On 15 Jul 2005, at 11:58, Jon Noring wrote:
After reading the various replies, it is clear there is more interest in preserving and (sooner if not later) making the scans available to the public online than I originally perceived based on the statements of a few here. It is welcome to see the majority, including Greg and Juliet, come out in support of scan preservation and availability.
Now, with about 15 minutes of thought (so we're at a very early stage of conceptualization),
Very early stage of conceptualization? Yesterday you had a plan for implementation. What is wrong with the half-hour-plan you had yesterday? Do not sink the momentum you have got in the morass of overplanning. Having scans available is handy for: - The PG errata folks who do not want to accidentally "fix" the wrong thing. - Publishers who want to make richer versions of our texts based on the original lay-out. - Gatekeepers who claim references cannot be made without looking at a page number (they will--of course--invent a new claim as to why PG etexts are unusable as soon as we provide them with the means to name page numbers). For these purposes, a simple system that links a PG etext with its page scans suffice.
here's some of the issues and unknowns as I see them -- in no particular order -- a sort of stream of consciousness. Feel free to comment, counter-point, and to add more items.
1) There are scan sets all over the place, in various resolutions, color depths, quality, and completeness. (The variation in file size between sets will be significant.)
Yes and no. For the purposes outlined above, the scan set that was used to create DP's OCR from will suffice.
2) Some to many scan sets comprise various derivative subsets (e.g., the original scans, a cleaned up set, etc.)
Question: If a scan set contains derivatives of some sort, do we restrict what will be saved?
No. Why?
3) Many if not most scan sets have no external metadata. Thus their identification and source of metadata will be internal (title page info, etc.)
4) Some scan sets we acquire may have license encumberances not allowing them to be accessible to the general public. (From a conversation with Juliet a while back.) This will impact upon the design of the scan repository(ies).
Not quite. The problem with some scan sets is that their sources claim some kind of ownership. I believe that PG believes that mere scans of public domain material are themselves in the public domain. However, there are many ways in which these sources could make things difficult for us (for instance, putting scans behind a login, so that we cannot get at them), so DP plays nice.
5) There is likely to be interest by some outside of PG/DP to contribute scans of public domain texts to the raw archive. Should we allow this?

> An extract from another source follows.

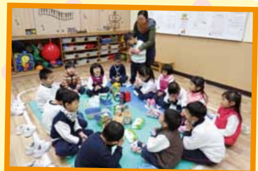
在學校野餐真快樂！

I am not sure if PG wants to run a scan archive. Assume that this is going to take place outside of (but with the support of) PG. If this were a PG project, PG might require copyright clearances. But assuming it is not, you will probably have to work something out with the hosting folks so that they cannot be sued. Purely on practical reasons I think outside scans should be banned; if somebody wants to contribute to DP, after which the scans will automatically trickle down to the scan archive. Bonus: we will have an accessible etext.
If so, keeping this straight is necessary. More metadata. (I note this thinking specifically of David Reed here in Utah who is scanning large numbers of books and doing most of the conversion himself -- I'm not sure if all the texts he is doing are being submitted to PG, but since he associates with PG do we disallow him from adding his scans to the mash?)

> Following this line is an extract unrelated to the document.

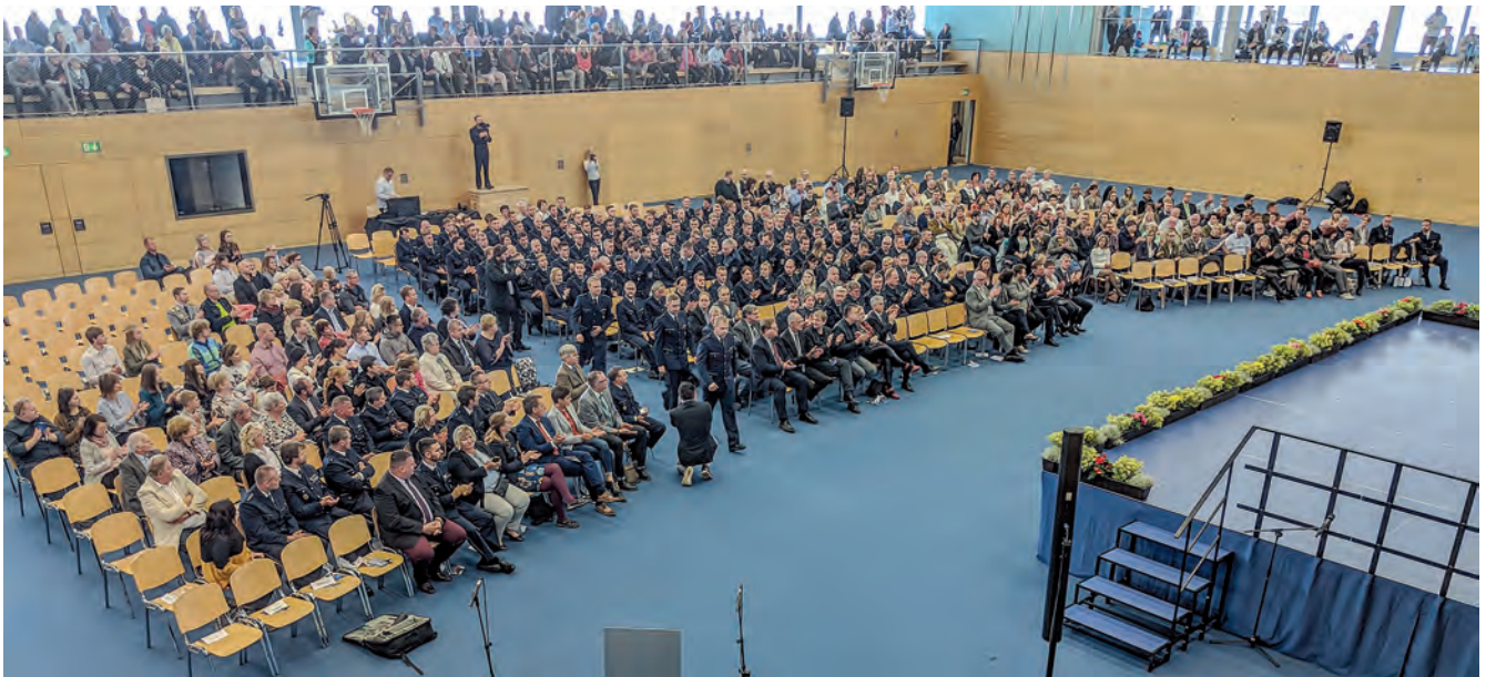
Viele Gäste gaben den Absolventen die Ehre

The great thing about metadata is that it can be added afterwards by those who actually care about that sort of thing.
6) We have to worry about scan sets of works still under copyright. (And there's the related difference in life+ countries versus the fixed 1923 date in the U.S., ignoring the renewal aspects. Will the repository be used for PG-affiliated projects world-wide?)
I like PG's philosophy, which is that PG itself does not worry about the rest of the world; let the rest of the world worry. There are no copyright concerns. A minor issue might be copyrighted texts in PG; but do we typically have the scans of those?

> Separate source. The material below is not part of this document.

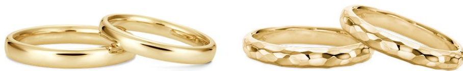
ストレートライン（平甲丸） ・ ストレートライン（槌目模様）
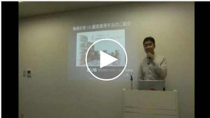
動画を使った顧客獲得手法のご紹介

7) When the scans are stored, do we zip each set/subset up, or keep each page scan separate?
Separate at first. Software that will zip it up is trivial to write and add.
8) What are our space requirements, for now and in the future? (This probably requires a survey, plus we have to decide whether we save all derivative subsets, save the original scans or a cleaned up set, or whatever.)
I would first talk to Brewster Kahle. Mentioning space requirements to him is probably as useless as discussing snow balls with planets.
9) Do we consider conversion of all scans to DjVu? (If we ask Brewster for space, he may suggest this in order to cut down the size of the scans.)
First build the repository, then see how you can add value. Reminds me of something I keep hearing: apparently a lot of people won't use PG etexts, because these texts have errors in them. Funny how none of these people has bothered to report these errors to PG. The thing is, people who have a real need for extras, will probably come to us, and may even contribute what is necessary to let these extras become a reality. People who merely have a perceived need will just whine that we do not fullfil that need.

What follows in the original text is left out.